— Bien volontiers, dit l’autre qui était un bon garçon ; j’apporterai le dessert, des bananes et des ananas — je connais un Annamite qui en a de fameux — et puis nous irons prendre le café chez Lambert…
— Non ! non ! dit Yves en tressaillant comme si un serpent l’eût piqué, pas de ça ! — Je ne t’invite pas pour que tu me rendes tout de suite ma politesse, mais si ça t’ennuie de ne rien m’offrir, apporte du café et du sucre, j’ai les bibelots qu’il faut ; nous serons bien mieux chez nous, tu verras, que dans toutes leurs sales baraques !
— Comme tu voudras ! à dimanche sans faute !…

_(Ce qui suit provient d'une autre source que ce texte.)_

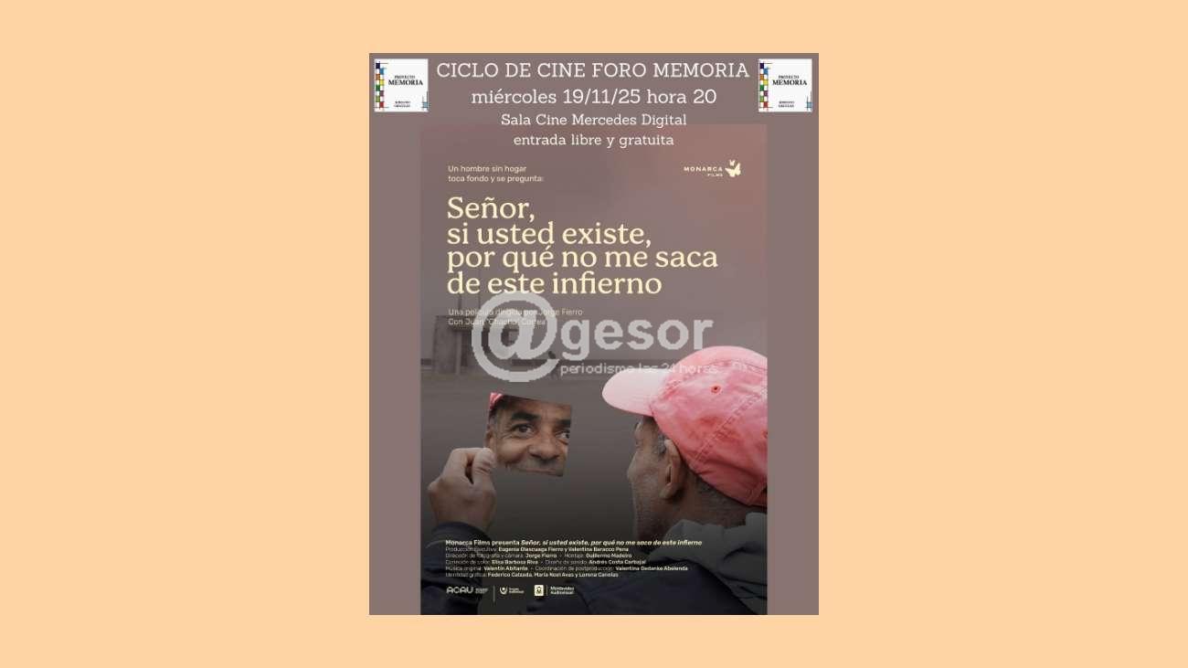 El miércoles 19 de noviembre de 2025 continúa el ciclo de Cine Foro Memoria, organizado por la Comisión Memoria, Justicia y contra la impunidad de Soriano. En Cine Mercedes Digital se proyectará el documental “Señor, si usted existe, por qué no me saca de este infierno”, digirido por Jorge Fierro, con la actruación de Juan “Cacho” Correa.
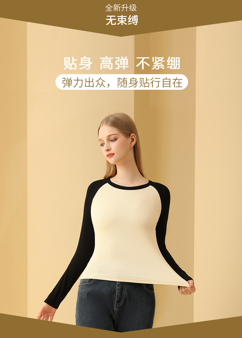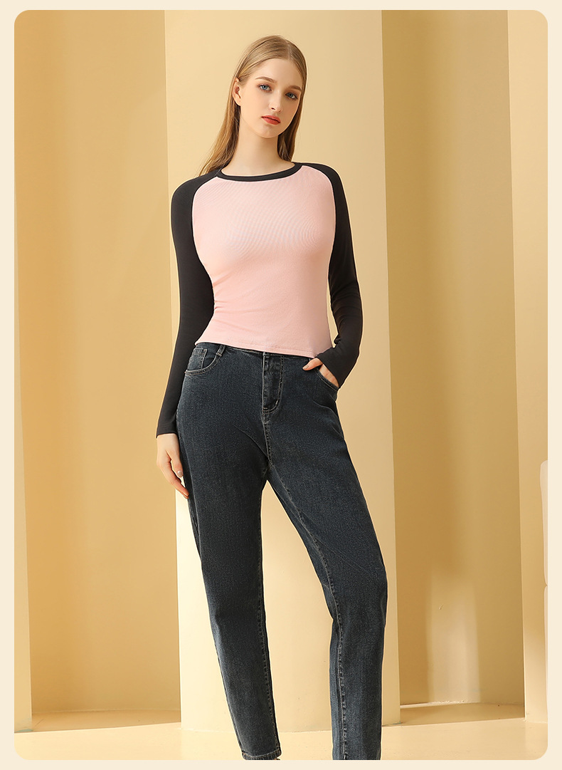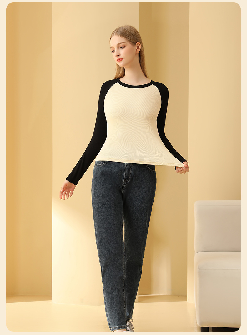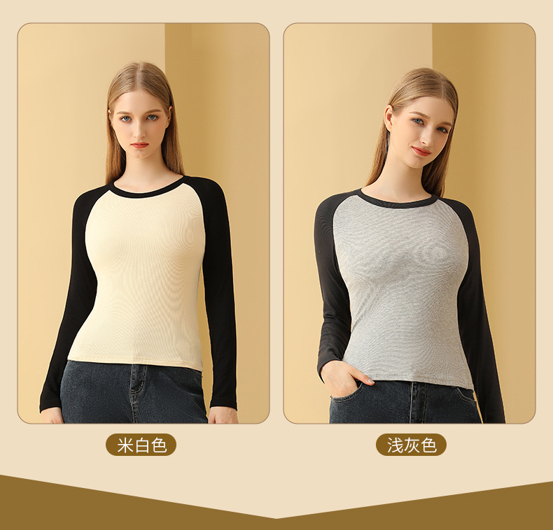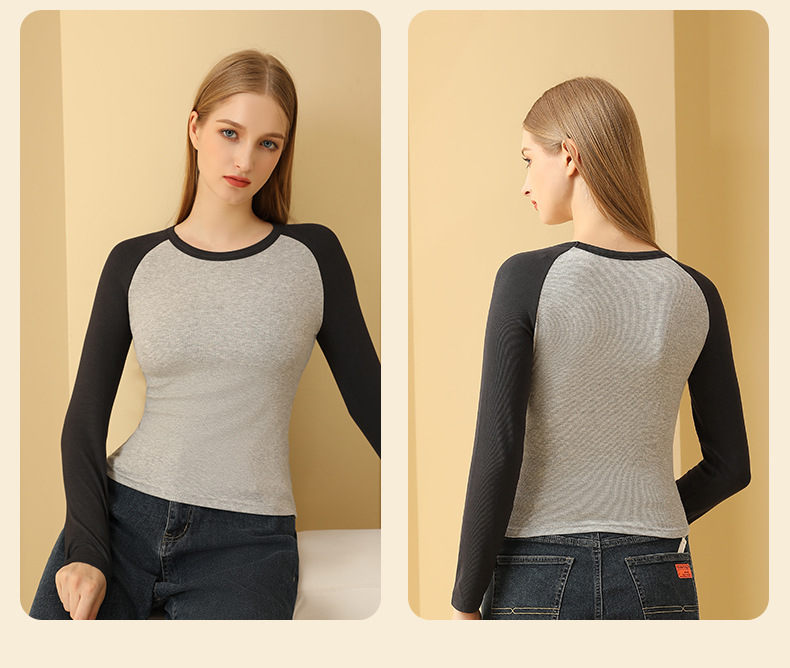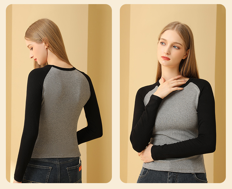 새로운 봄 가을 배색 스티치 이너 레이어드 셔츠 여성용 조루시 동일 스타일 래글런 긴팔 티셔츠 여성용 도매스토어 가기
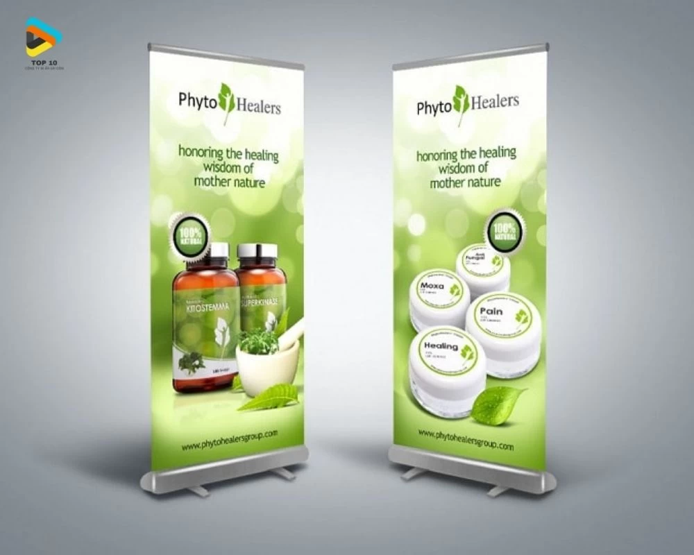 - Standee cuốn có kích thước: 60×160cm, 80×200cm
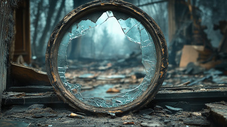 A broken, ornate antique mirror lies among rubble, its glass shattered and covered in dust, evoking a haunting and abandoned atmosphere.
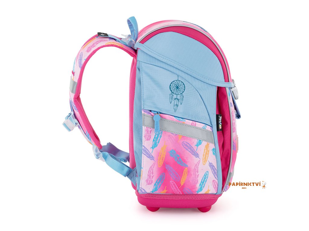Školní batoh řady Premium Light nabízí kvalitu, prostor na školní potřeby i odlehčenou konstrukci pro pohodlnější nošení. Díky odlehčenému materiálu váží batoh pouhých 970 g. Polstrování je z příjemného prodyšného materiálu, široké měkčené popruhy jsou navrženy tak, aby dokonale přilnuly a rovnoměrně zatížily ramena dítěte. Pro pohodlnější nošení je batoh dále vybaven přitažnými a hrudními popruhy. Batohy ocení především ti nejmladší školáci s výškou od 121 cm. Nechybí ani praktické reflexní prvky, vnitřní rozřaďovač i velké množství kapes. Objem: 27 l.

Une invitation mène beaucoup plus loin qu’on ne pense. Yves rencontra justement, le dimanche matin, ce matelot de la Vendée qui lui avait rendu si grand service le jour de son début à Saïgon. « Puisque je donne un dîner, pensa-t-il, je mettrai un poulet de plus, et nous serons plus gais à trois qu’à deux. Pierre est un bon camarade, et un honnête homme, il ne sera pas de trop » ; et il le pria de venir souper chez lui, ce que le matelot étonné et ravi accepta avec enthousiasme.
Tous les tracas d’une jeune maîtresse de maison qui va donner son premier dîner, vinrent alors assaillir notre homme. — La table serait-elle assez grande ? oui, on pourrait même y dîner à quatre, mais le dessus n’était guère joli ; on avait beau la raboter, les planches jouaient, il y avait des fentes lamentables. Que ce serait beau d’avoir une nappe ! Ici Yves tomba dans une profonde méditation. Il n’était pas assez novice pour ignorer que le linge ouvré venant de France, coûtait un prix fou, et pourtant quelle bonne tournure donneraient au festin une nappe et des serviettes !…
Une idée merveilleuse lui traversa l’esprit. « Avec six mètres de cotonnade annamite j’aurai tout ce qu’il me faut », pensa-t-il, je n’ai pas besoin de faire des ourlets, je ferai une frange au bout comme il y en a aux serviettes de toilette de M. Émile Gerbier dans le bureau, ça ne me ruinera pas ; pour une piastre, j’en verrai la fin. Je pense bien en dépenser deux pour recevoir mes amis ; puisque j’ai de l’argent de côté, il me restera encore bien assez pour acheter deux verres et trois assiettes, et même deux couverts de fer battu… Comme ils vont être surpris !!
Le dimanche vers sept heures, Joseph Roy et Pierre Postel, les invités d’Yves, arrivaient ; tous deux s’étaient faits beaux. Joseph portait d’une main une corbeille annamite d’où débordaient les grappes de bananes, et de l’autre, pressait sur son cœur un petit paquet de papier bleu exhalant l’arome du moka ; Pierre avait sous le bras une bouteille à cachet d’un brun rouge, à étiquette jaune, sur laquelle on pouvait lire : fine champagne. — Tous deux poussèrent un cri d’admiration à la vue du couvert d’Yves. Il l’avait disposé en plein air, sous un bosquet de bambous, à quelques pas de sa case. La table, avec sa nappe, ses serviettes, ses fourchettes étincelantes et le charmant bouquet de fleurs qui ornait le milieu, offrait un coup d’œil hospitalier et gracieux, et le parfum succulent qui s’échappait des écuelles posées sur les fourneaux de terre, promettait aux conviés des satisfactions d’un ordre plus solide.
— Mâtin ! qu’il fait bon chez toi ! Yves, dit le marin en se laissant tomber sur une escabelle et en s’essuyant le front. Tu as toujours été un débrouillard ; je me rappelle, sur la Vendée, tu avais déjà une foule de petites inventions pour arrimer ton bagage, mais ici tu es au large ! Alors voilà ta case là-bas, — et tous ces meubles-là ?…
— C’est moi qui les ai faits ! dit Yves, et ils sont solides, je m’en flatte ! Allons, Joseph, assieds-toi là, et à la besogne !
Le festin débutait par une assiette de camarons, grandes crevettes d’un goût moins délicat que leurs pareilles d’Occident, mais les convives n’étant point difficiles y firent fête. Vinrent ensuite un plat de poisson bouilli assaisonné de nhoc-man[25], puis un ragoût de porc bien rissolé dans sa graisse et entouré d’une couronne de haricots verts, enfin les fameux poulets, frits dans du saindoux et relevés, eux aussi, d’un peu de nhoc-man. Quel régal ! — C’était plaisir d’entendre les exclamations, de voir les mines gourmandes des invités. Les plats étaient vides jusqu’à la dernière miette, et Yves accablé d’éloges.